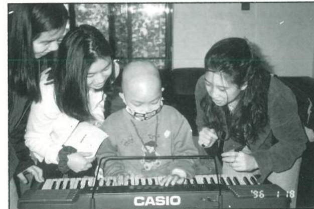
小傑希望有一架電子琴
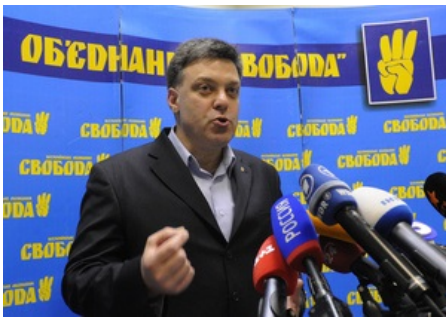
Свобода вважає необґрунтованими звинувачення її в антисемітизмі

Партія Всеукраїнське об'єднання Свобода вважає необґрунтованими звинувачення її в антисемітизмі.
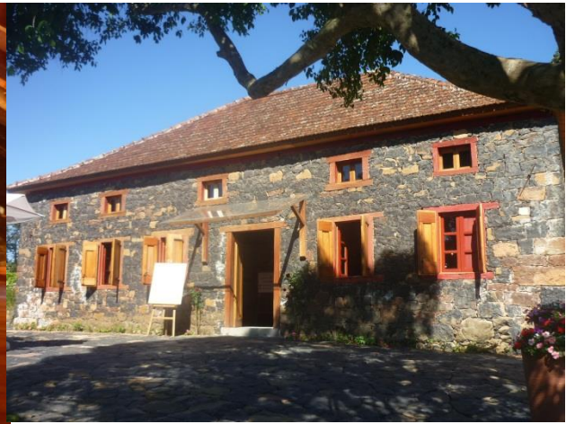
Imagem 09: Casa Righesso - salumeria
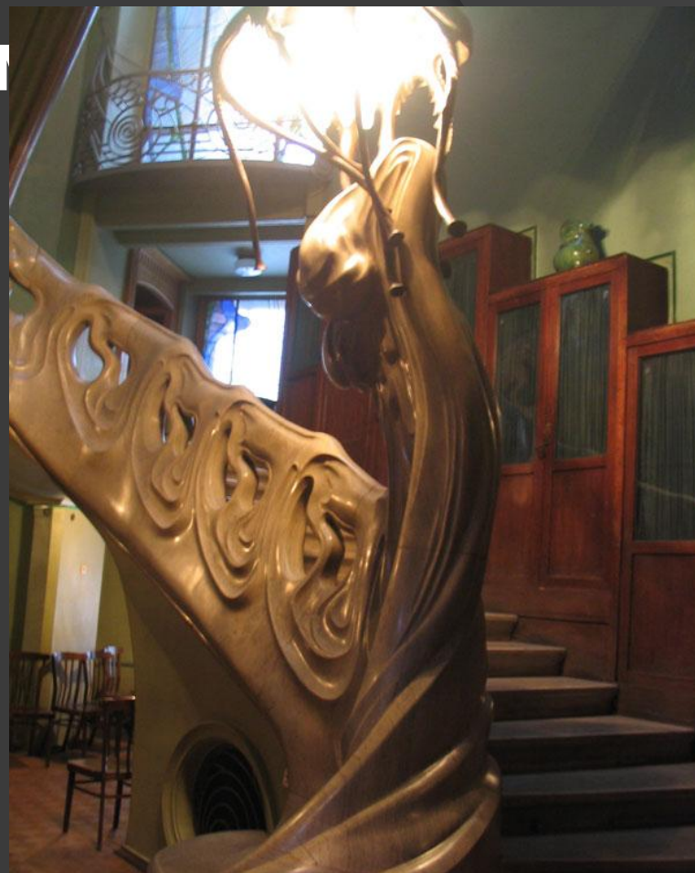
Главной изюминкой дома стала парадная лестница холла, выполненная в форме волны.
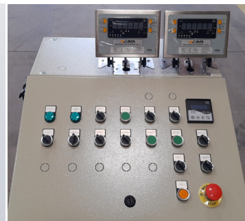
Mesa de comando tipo plano para operação da central
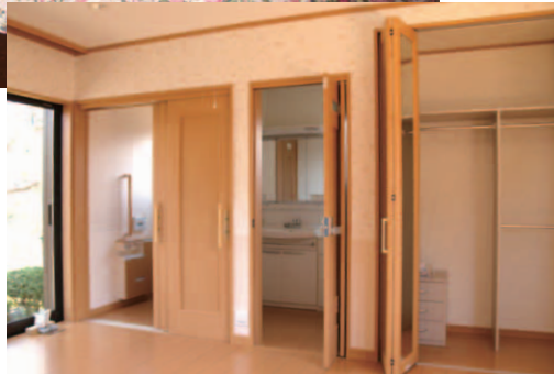
▲折れ戸を採用した全開放の洗面所(中央)。明るく、清潔感漂うトイレ(左)。
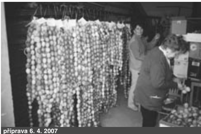
příprava 6. 4. 2007
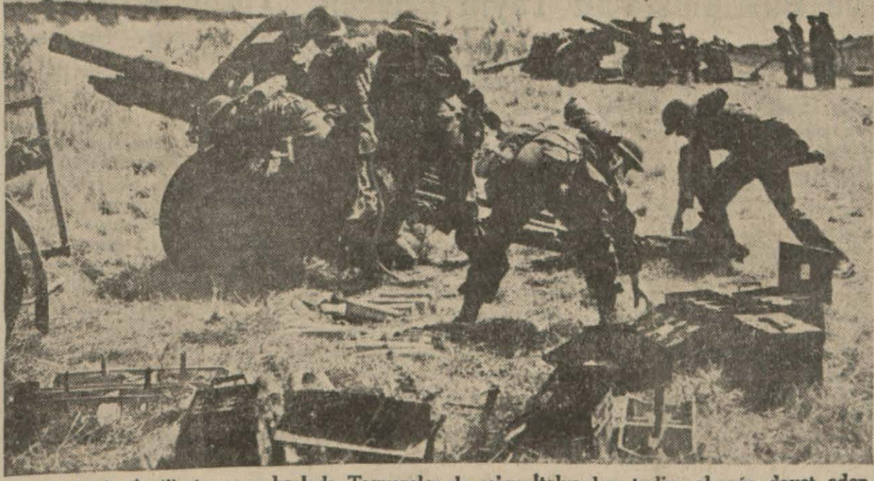
Tobruka İngiliz taarruzu başladı. Taryareler de şehre İtalyanları teslim olmağa davet eden beyannameler atmaktadırlar. Bardiya garnizonu şiddetli topçu ateşinden ve yapılan tazyikten sonra beyannameler üzerine teslim olmuştu. Tobrukta da aynı şey yapılmaktadır. Resmimiz Afrikadaki İngiliz topçularını faaliyet halinde göstermektedir.
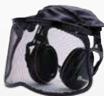
Ωτοασπίδες κήπου με μάσκα από διχτυωτό πλέγμα
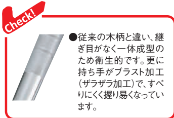
③EBM オールステンレス プラスト加工 中華ヘラ
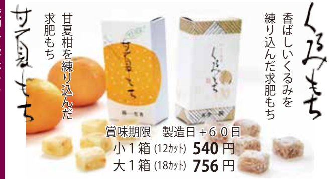
甘夏柑を練り込んだ 求肥もち

= = = = =

#### Exercise aim
Which lines above include the word "Свобода"? Return each one.

#### Exercise answer
Свобода вважає необґрунтованими звинувачення її в антисемітизмі
Партія Всеукраїнське об'єднання Свобода вважає необґрунтованими звинувачення її в антисемітизмі.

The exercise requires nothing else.